I see your point about concentrating on outcomes rather than implementation.
I suppose who cares about implementation, its the effect code on the "state
of the world" that is important.

Here's an unmodified sample:
  context ", when a new policy is activated on unchanged content" do
    before(:each) do
      setup_common_mocks
    end

    it "should create a new policy, the new violation and location, resolve
previous violations, recalculate location MD5, and refresh caches" do
      # content hasn't changed
      @content = mock(:content, :content_md5 => "84290324908230948",
:most_recent_violations => [mock(:violation_mr, :update_folder_count =>
nil)])
      @content_descriptor = mock(:content_descriptor, :contents =>
[...@content], :most_recent_content => @content, :folder => mock(:folder))

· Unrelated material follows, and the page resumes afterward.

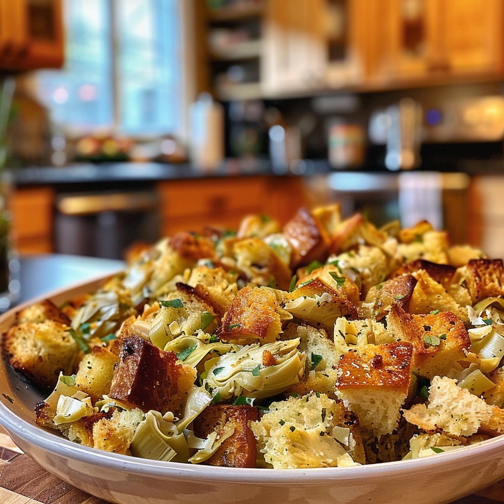 Warm your heart and home with this delightful sourdough and artichoke stuffing. Perfect for holidays or cozy nights, this dish combines the richness of toasted sourdough with savory artichokes and fresh herbs, creating a mouthwatering experience that will have everyone coming back for seconds.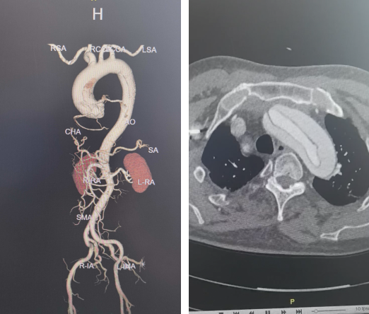 患者为73岁男性,因急性主动脉夹层入院。术前检查显示,夹层范围广泛,累及升主动脉、主动脉弓、降主动脉直至腹主动脉,并波及多支重要分支血管,手术复杂度高。

ContentDescriptor.should_receive(:by_path_md5_and_site).once.and_return([...@content_descriptor])


      # Policy is new, gets created once
      Policy.should_receive(:find_by_account_category_and_name).once

PolicyCategory.should_receive(:find_by_account_and_name).once.and_return(mock(:policy_category))
      Policy.should_receive(:create!).once.and_return(mock(:policy))

      # below are the changes affected
      Violation.should_receive(:resolve_violations).once

Violation.should_receive(:recalculate_violation_md5).once.and_return(10)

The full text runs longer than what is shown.